- DATA PROVIDED
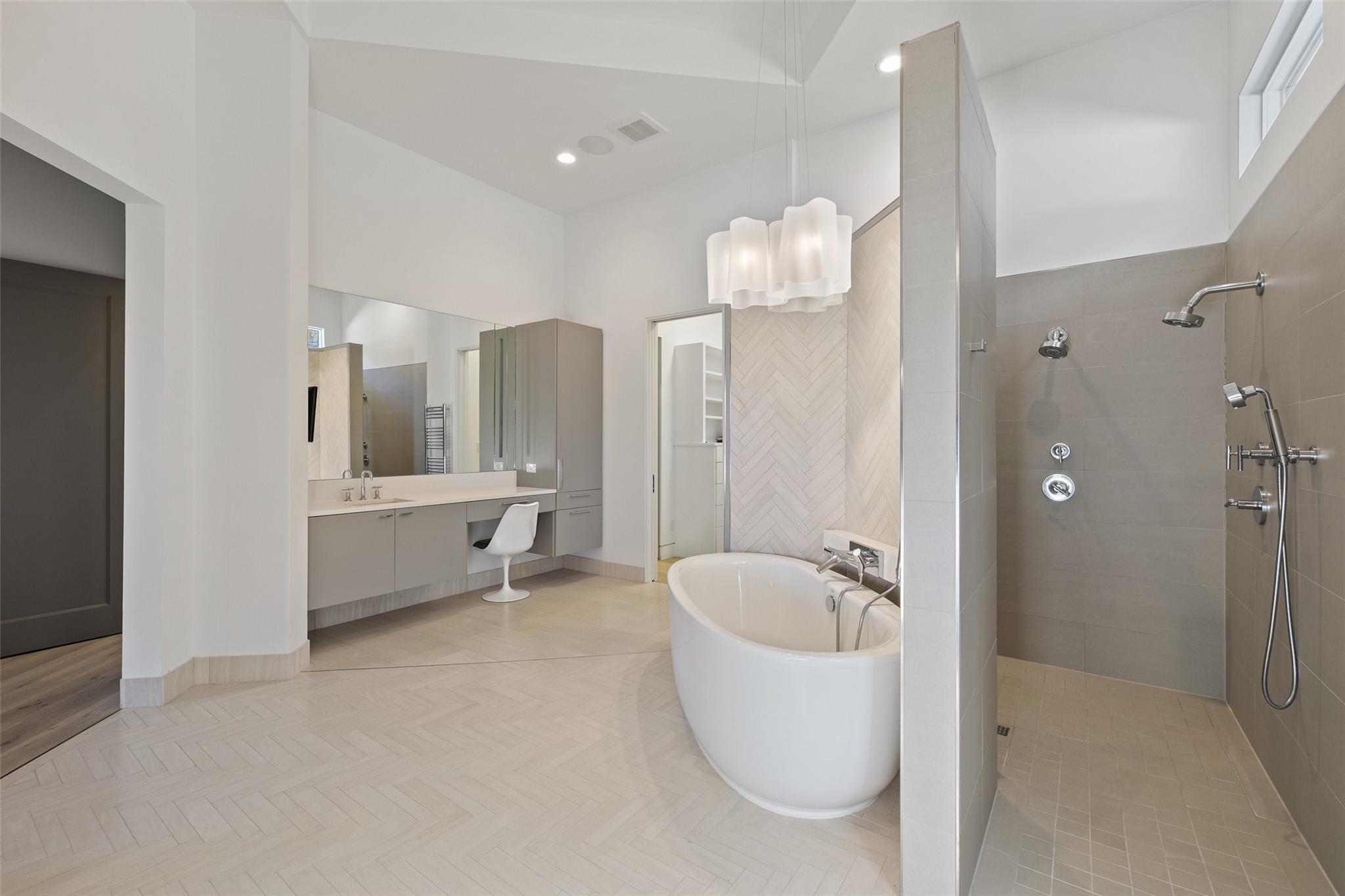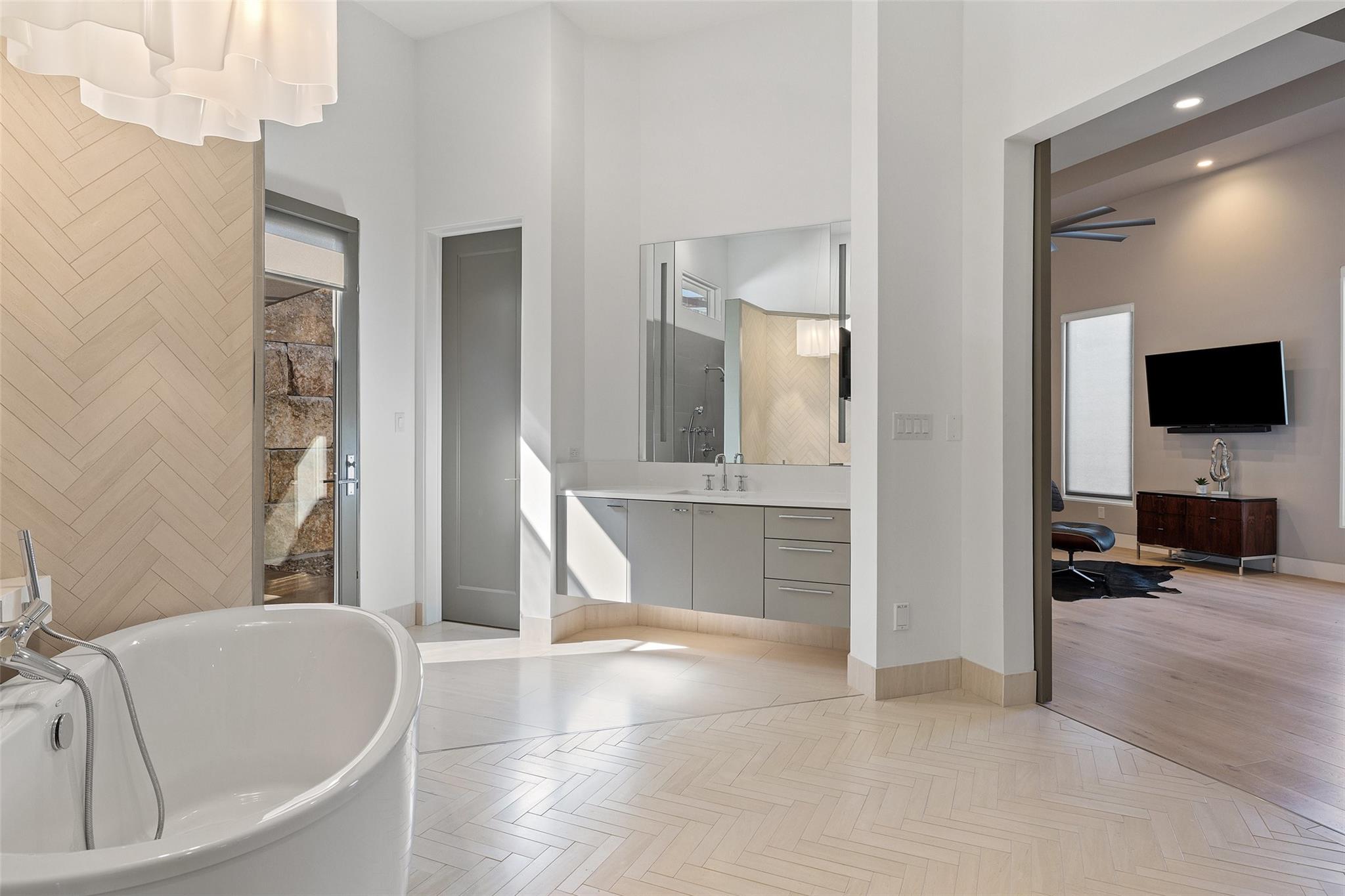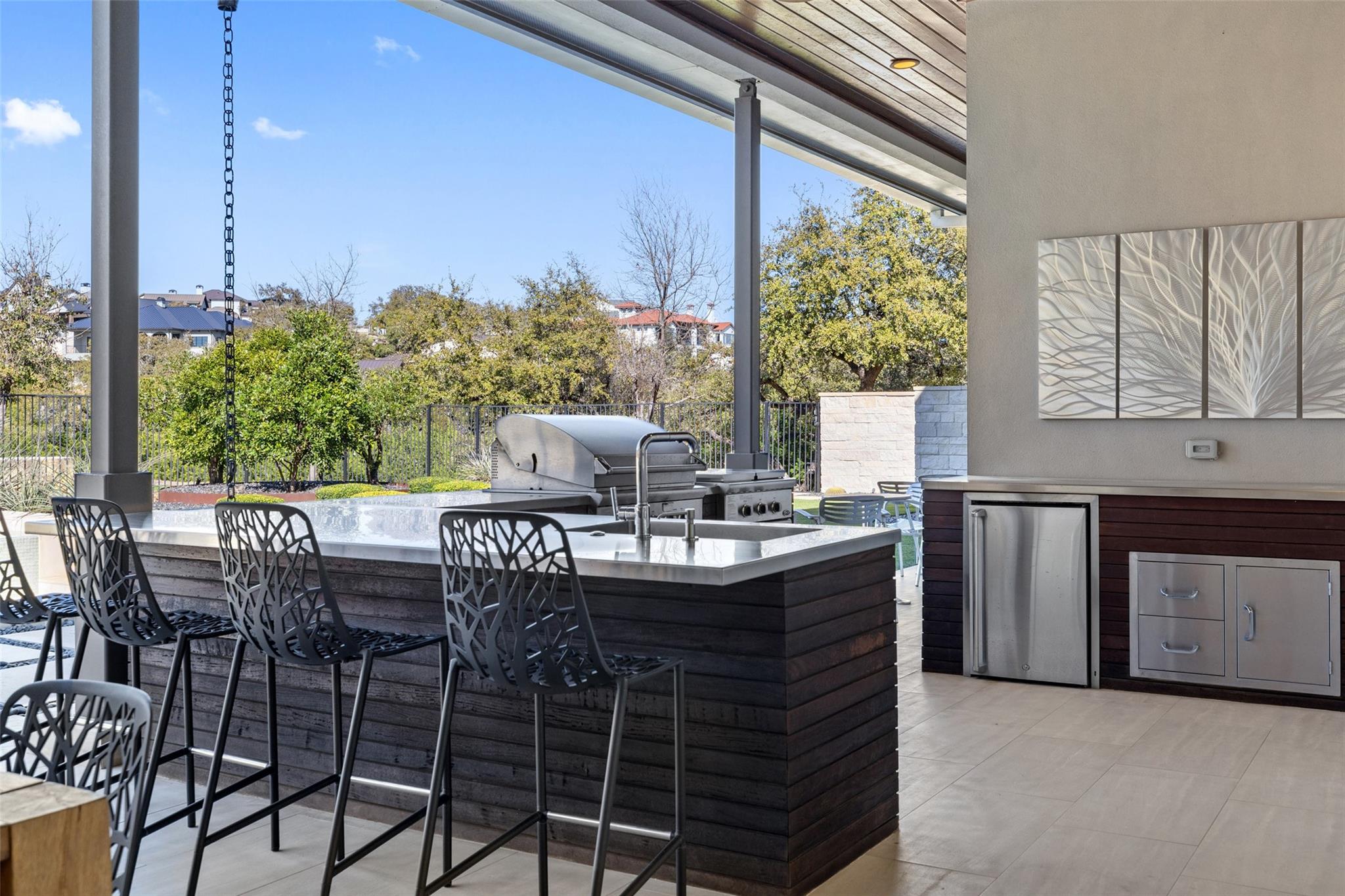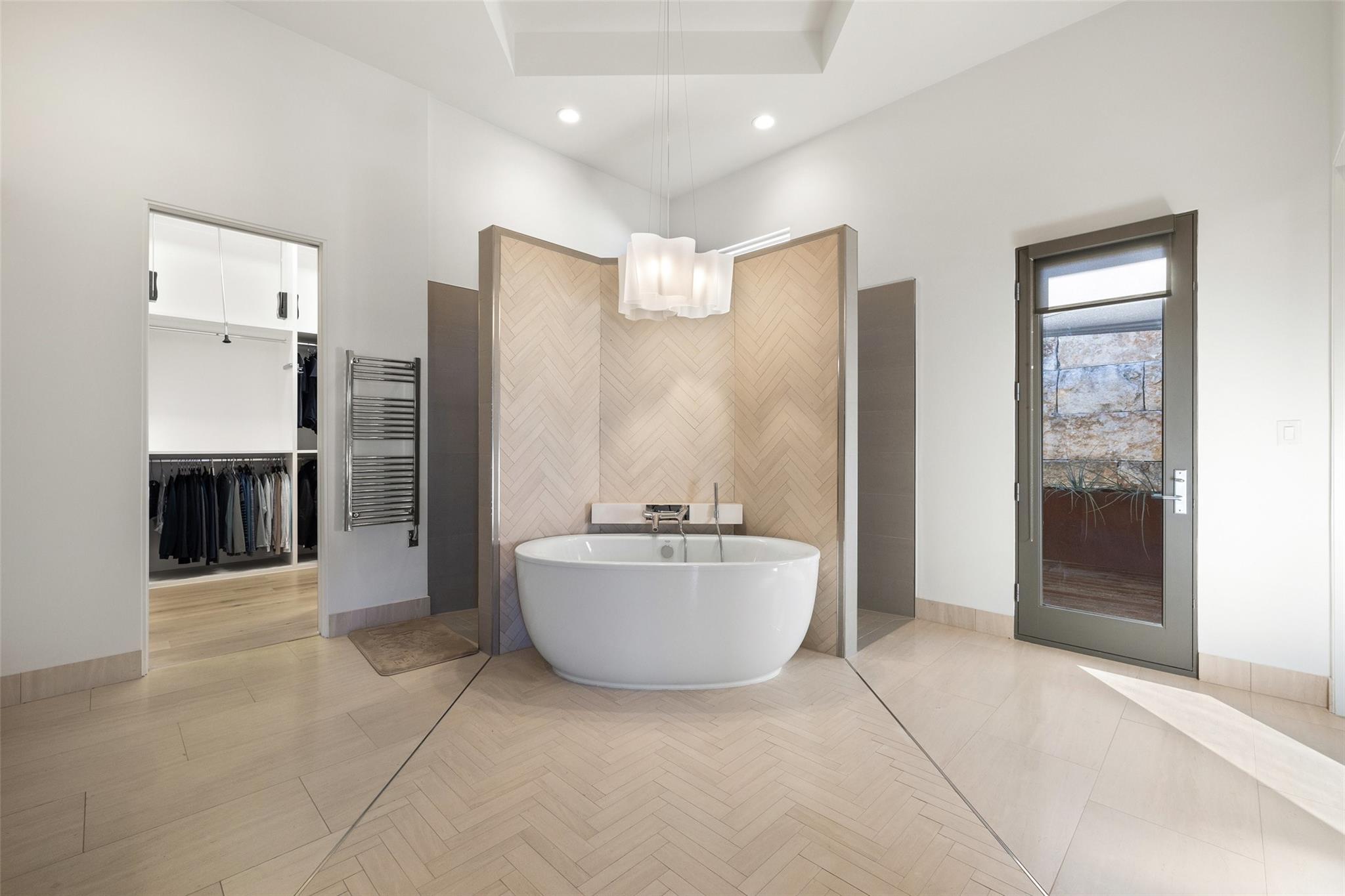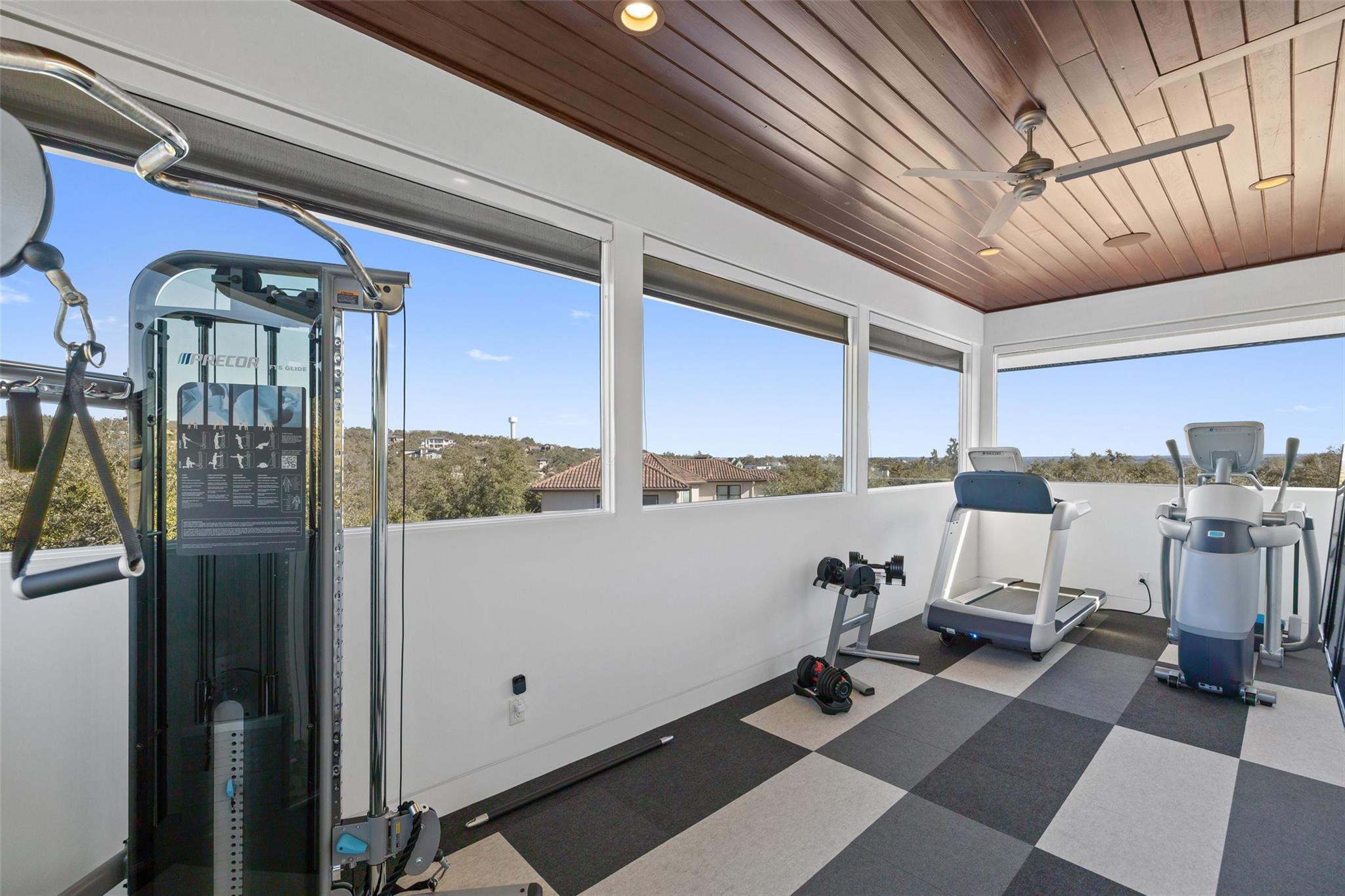 Welcome to 8300 Verde Mesa! Situated on a nearly 2-acre cul-de-sac lot with hill country views, this 4-bedroom, 6-bathroom home in Belvedere provides a serene retreat. This home lives like a single story with light-filled open spaces, every room has unique ceiling treatments, custom window shades, and surround sound speakers. The expansive primary bedroom opens to the back patio pool area and a private deck. The primary bathroom boasts a walk-through shower, soaking tub, and dual vanity with quartz countertops. The open kitchen is perfect for gatherings, featuring a quartz waterfall island and commercial-grade appliances. The secondary bedroom with an ensuite bath and also has access to the front courtyard. Additionally on the first floor, there is a dedicated study with bookshelves, a two washer/two dryer laundry room, and a craft room with ample storage enhance the functionality of the home. Upstairs, the fitness room has panoramic views, a media room with a kitchenette, and two spacious bedrooms with ensuite bathrooms. The outside patio is accessed through double sliding glass doors for seamless indoor/outdoor entertaining. revealing a covered patio, outdoor living area with a fireplace, outdoor dining, and kitchen. After a dip in the pool/spa, enjoy the convenience of an outdoor shower. The community amenities includes 80 acres of trails, a lazy river, splash pad, fishing pond, natural preserve, sport court, and an amenity center where social events are hosted. Furniture is negotiable.
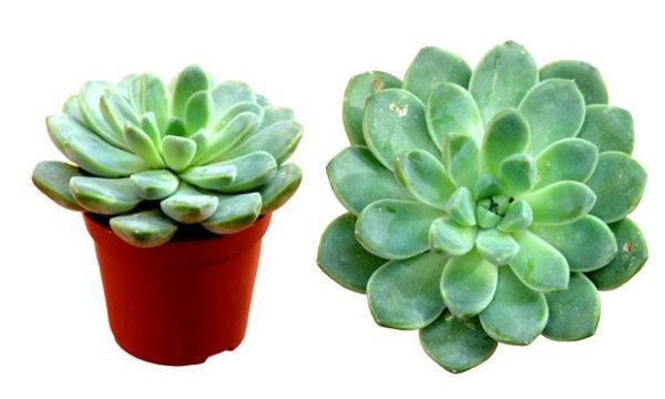 A echeveria é uma suculenta, planta que armazena água nas folhas e caules, que tem o formato parecido com o de uma rosa. É muito usada para fazer arranjos em vasos com outras suculentas e cactos. Deve ser regada apenas uma vez por semana, pois a umidade pode apodrecer suas raízes. Não tolera muito sol. Nome cientifico: Echeveria SP.
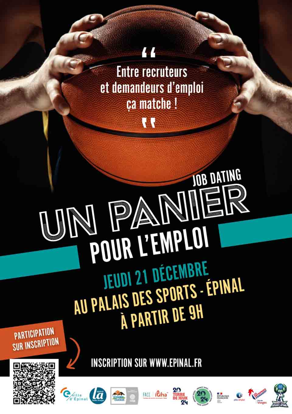 Cette journée, organisée en partenariat avec le Comité des Vosges de basket, Pôle Emploi et FACE Ilhia, débutera jeudi 21 décembre, par un temps d’accueil, puis un tournoi de basket 3×3, à partir de 9h30. Suivra un repas offert par la ville, puis une présentation des entreprises partenaires, à partir de 13h30. Enfin, un job dating proposera aux demandeurs d’emploi de rencontrer recruteurs et représentants des entreprises partenaires, pour des entretiens d’embauche.
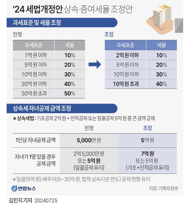 [그래픽] 2024년 세법개정안 상속·증여세율 조정안 | 연합뉴스
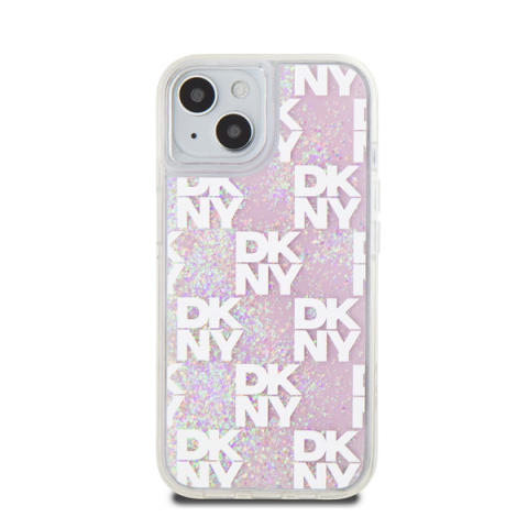 1 kép DKNY Liquid Glitter Checkered Pattern iPhone 15 hátlap tok, rózsaszín
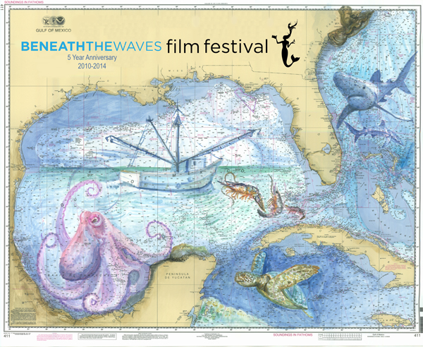 This is the official 5 Year Anniversary Beneath the Waves Film Festival Poster. This unique print features hand-painted marine life overlayed onto a NOAA map of the Southeastern US. Measures 16″x 20″. Poster signed by the artist, Carly Mejeur, and is shipped in a tube. $30 limited edition, price includes tax and shipping.
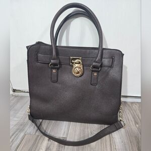 Michael Kors Large Hamilton Chocolate Brown Tote w/ Pad Lock
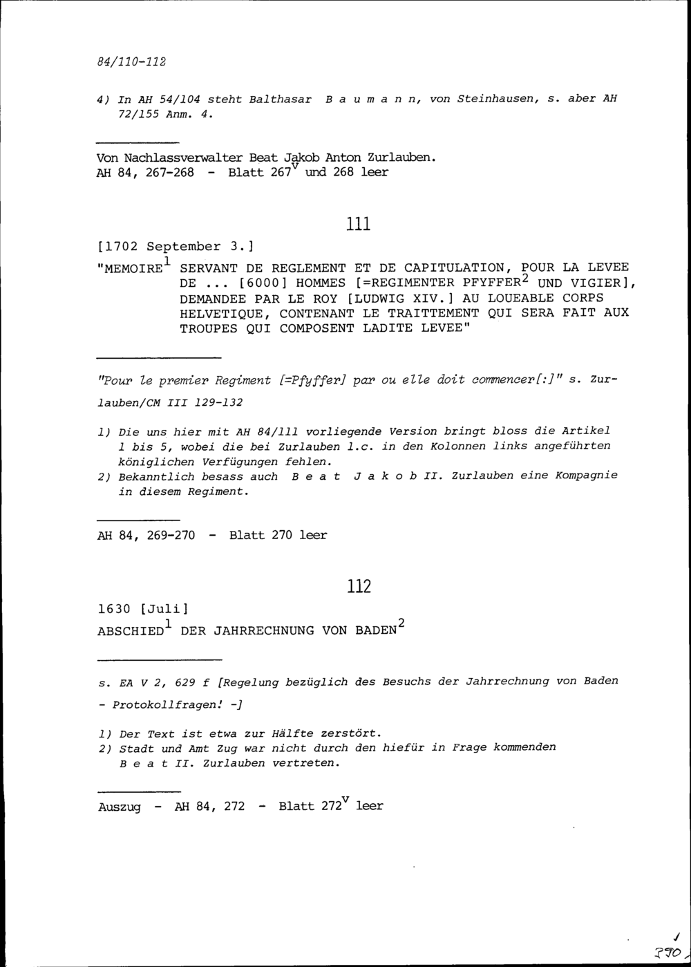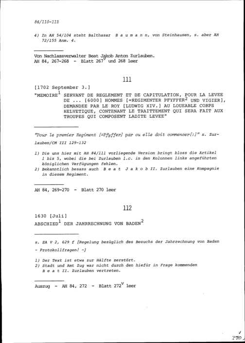 Notiz zu Reglement Kapitulation für die Aushebung von 6000 Männern für das Regiment Pfyffer und Vigier

- WHAT THE TASK ASKS
Print, exactly as written, the lines from the one containing "1 kép DKNY Liquid" to the end of the material, both ends included, and nothing else; no pictures.

- YOUR RESPONSE
 1 kép DKNY Liquid Glitter Checkered Pattern iPhone 15 hátlap tok, rózsaszín
 This is the official 5 Year Anniversary Beneath the Waves Film Festival Poster. This unique print features hand-painted marine life overlayed onto a NOAA map of the Southeastern US. Measures 16″x 20″. Poster signed by the artist, Carly Mejeur, and is shipped in a tube. $30 limited edition, price includes tax and shipping.
 Michael Kors Large Hamilton Chocolate Brown Tote w/ Pad Lock
 Notiz zu Reglement Kapitulation für die Aushebung von 6000 Männern für das Regiment Pfyffer und Vigier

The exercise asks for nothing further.